When founders or investors are asked about the potential job displacement their tech will cause, the answer is always the same: Yes, AI will eliminate some jobs. But it will also create others.
Ensuring that it does has become VC Mike Ghaffary’s obsession. Ghaffary is best known for his time as a general partner at Canvas Ventures and previously at Social Capital. His investments include Superhuman, Strava, Faire, Optimizely, and CloudKitchens.
On Friday, Ghaffary announced exclusively to TechCrunch that he left Canvas to join Burst Capital, a VC firm founded in 2017 by a group of former Yelp execs. Burst is led by former Yelp COO Geoff Donaker. (Ghaffary and Donaker also worked together at Yelp years ago.)
At Burst, Ghaffary is looking to back companies that don’t just create jobs but create good-paying middle-class jobs for the millions of people that don’t have advanced degrees in AI and machine learning.
“As we’re seeing this job displacement, we’re actually doing something about it,” he tells TechCrunch. “I feel like there’s a lot of ‘Don’t worry. Don’t look here. AI will destroy a lot of jobs, but it will create jobs, too!’ As tech companies, we need to go create those new jobs we’re promising.”

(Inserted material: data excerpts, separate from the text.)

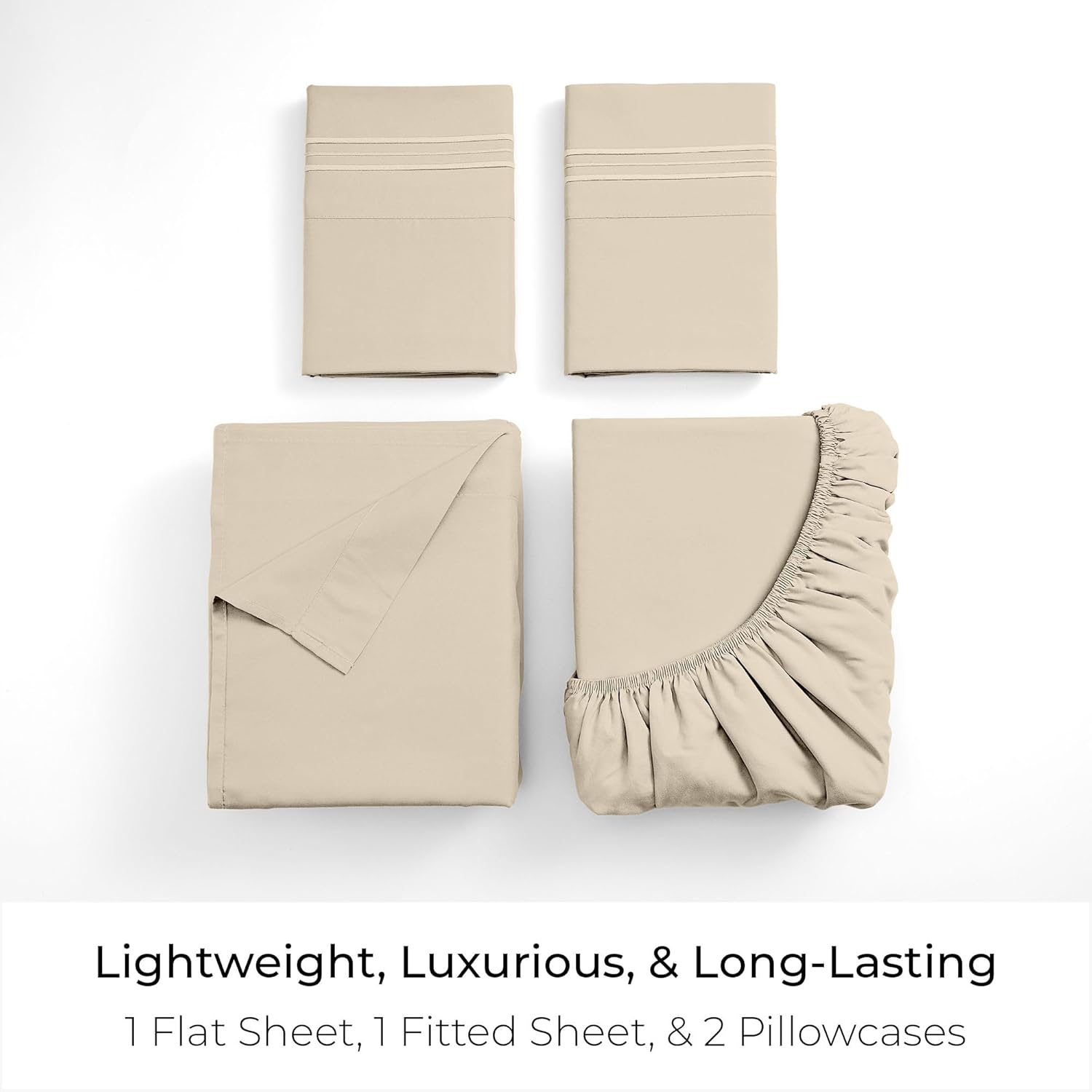 Mellanni Full Sheets Set - 4 PC Iconic Collection Bedding - Hotel Luxury, Extra Soft, Cooling Bed Sheets - Wrinkle, Fade, Stain Resistant (Full, Beige)
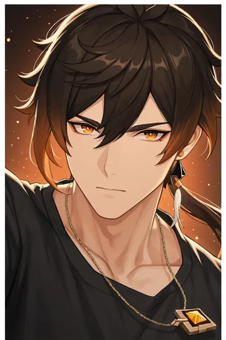 zhongli (genshin impact)-15th_1male focus, black-orangish brown_zhongli (genshin impact)_hair, zhongli (genshin impact)_jewelry, reddish orange-yellow_zhongli (genshin impact)_eyes, zhongli (genshin impact)_makeup
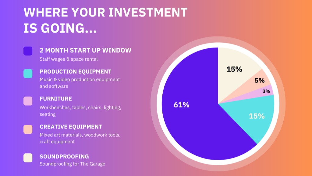 The Garage is a space for messy, noisy, techy creation. From music & video production to woodwork, painting and gaming, the vibe is BIG, the resources are top notch and we have a long line of experts from creative industries waiting to get involved with us.

He sees a few companies doing so by offering tech to small business owners, like Owner.com which helps mom and pop restaurant owners with marketing; or GlossGenius, which makes all-in-one booking and payments software for hairdressers.
Among his own portfolio is ResQ, which helps restaurants and hospitality businesses manage their equipment repair needs, including matching them with repair tradesmen.
But Ghaffary says the biggest gap he sees is startups using AI to create high-paying jobs. “’I’ll tell you one company I’m looking for, too, that I haven’t found: vocational training.”
He wants to see founders building startups that use AI to help people learn high-paying trades like industrial electricians or commercial plumbers, or to level up their skills in other such industries.
“That’s where AI could come in,” he says. He’d like to see an affordable plan that would offer virtual or otherwise AI-enhanced training, “almost like flight simulation” but for the “millions of people” at risk of being left behind.
“I think there’s a big opportunity,” he says. “And it’s for the sake of our country and our world. Otherwise we have this big underemployed society and it’s not good for anybody.”